# Huge Jack Crevalle



## pjk91 (Mar 19, 2012)

But unfortunately no picture. Here's the story:

I was out about 150 yards on the Destin West Jetty. It's about 95 degrees and the water is fairly clear. It was taking quite awhile to make it to end so I called it quits right there and set up shop. In the pass, the water was murky and full of grass and junk due to outgoing tide. On the gulf side, it was emerald green clear. The plan initially was to catch some pinfish to use as bait and then soak them in the gulf until a redfish picked it up. New plan started when I looked into the gulf and within 25 yards of shore was a school of about 50 large Jack Crevalle in a feeding frenzy.

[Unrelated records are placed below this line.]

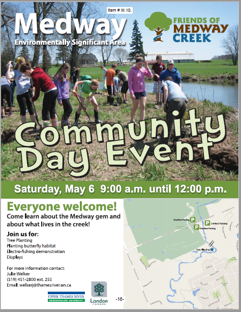 This year’s BBQ and AGM are on Thursday, May 25, 6:00 pm at Orchard Park Public School. Encourage your neighbours to attend, especially anyone who has moved into the area since last May. In addition to an update on the Medway, there will be a presentation from the London Police about avoiding break ins and fraud, and an update on the tender for the sale of part of the lands of the former Sherwood Forest School site.
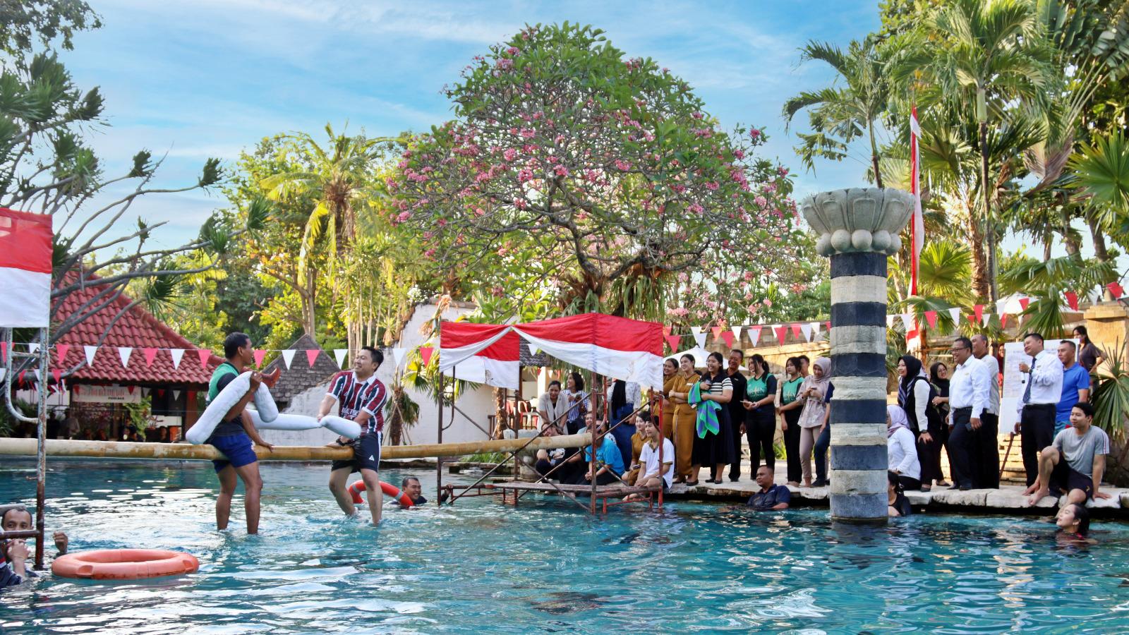 Dilanjutkan lomba tepuk guling dan makan kerupuk di swimming pool pada Kamis (15/8).
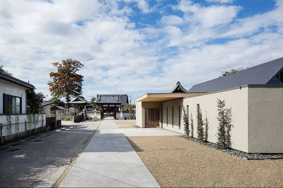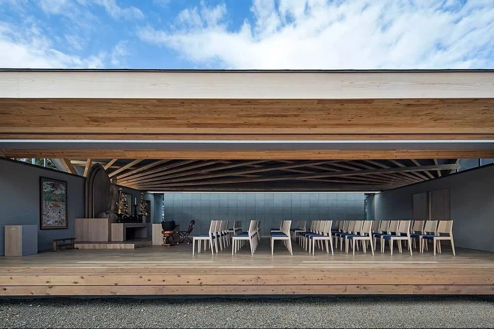 建筑师让新旧建筑得以自然延伸相接,屋顶体量与位置设计使得从参道行走时,可以自然地看见寺院的山门、本堂、不动堂等景观,访客能将大门、新大厅与旧厅视为一体,形成连贯的参拜体验。
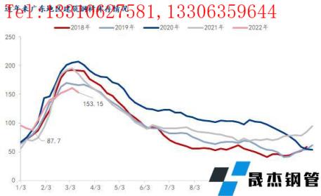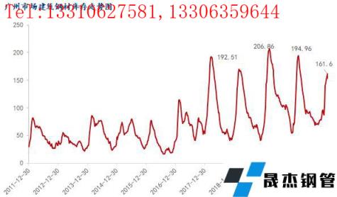 圖1:廣州市場建筑厚壁無縫鋼管庫存走勢圖 來源:鋼聯數據
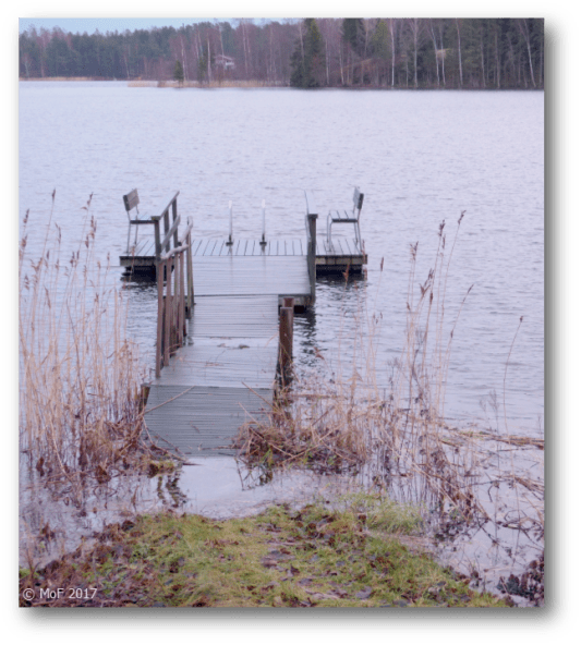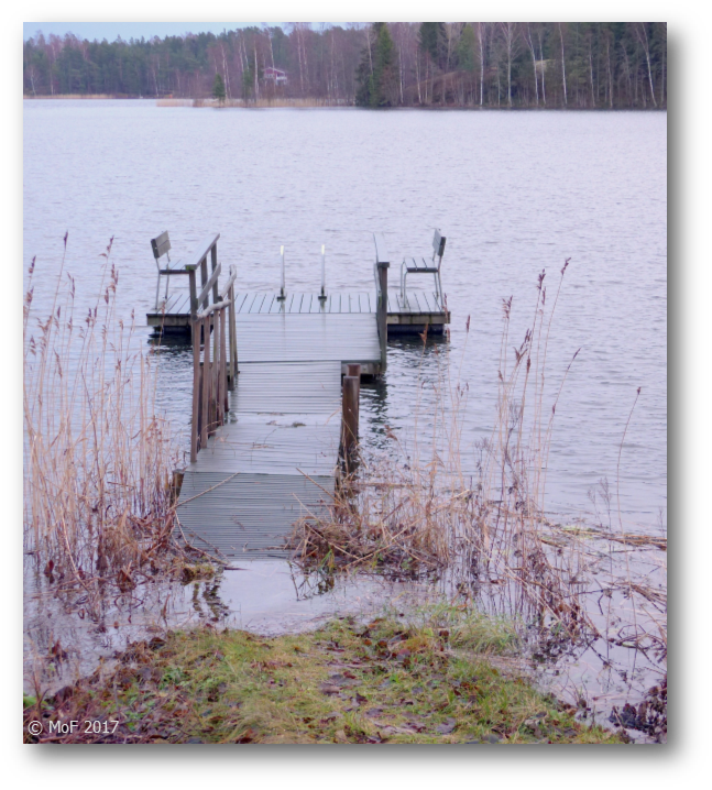 Det är högvatten på Udden. För första gången ligger änden på bryggförlängningen under vatten.
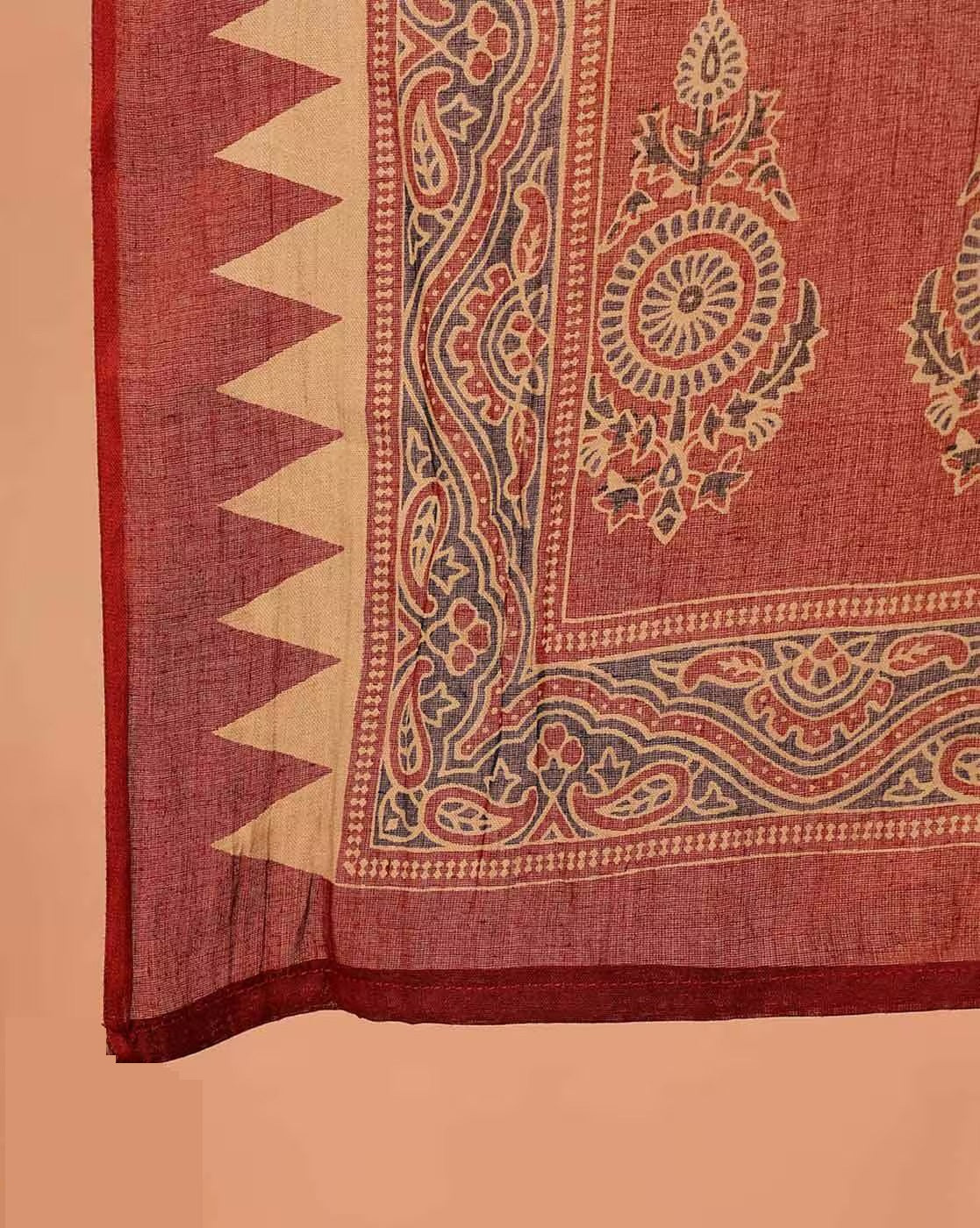 Ethnic Set Women Ajarakh Printed Kurta and Pant Set With Dupatta
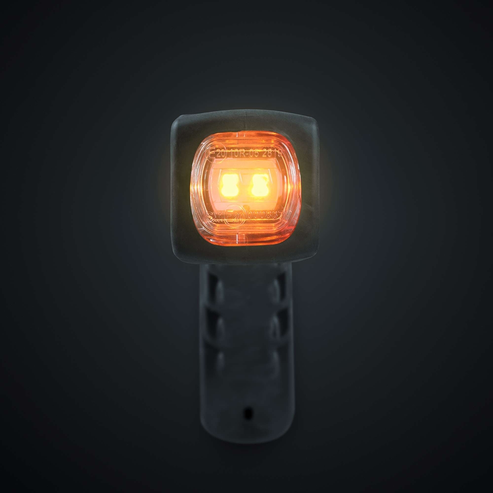 Kort gummiarm (højre) med positionslys og sidesignaler, let at montere, klart glas og en stilren finish. Alt-i-én løsning.

When in feeding frenzy mode, they'll eat anything shiny. Here is where I learned lesson:

1. Before heading out, swap your 1 year old 40lb leader with a new one. You never know what you're going to catch in the gulf and it's best to always be prepared.

I had an old leader on the line, but I was in panic mode. This was the first and probably the last opportunity I was ever going to have in my life to catch a Jack Crevalle (moving to LA in a few weeks). These guys were monsters. 20-30lbs and they were hungry. I didn't have a fresh new leader ready to go so I used the old one already rigged up. I then grabbed my most productive and expensive lure and hooked it up. I casted it out and BAM, as soon as it hit the water the Jacks tore it up. I had a fish on the line in seconds. I learned another lesson her:

2. Feeding and schooling Jacks eat anything shiny. Don't throw them your $10 lure when the $2 shiny spoon will do just fine.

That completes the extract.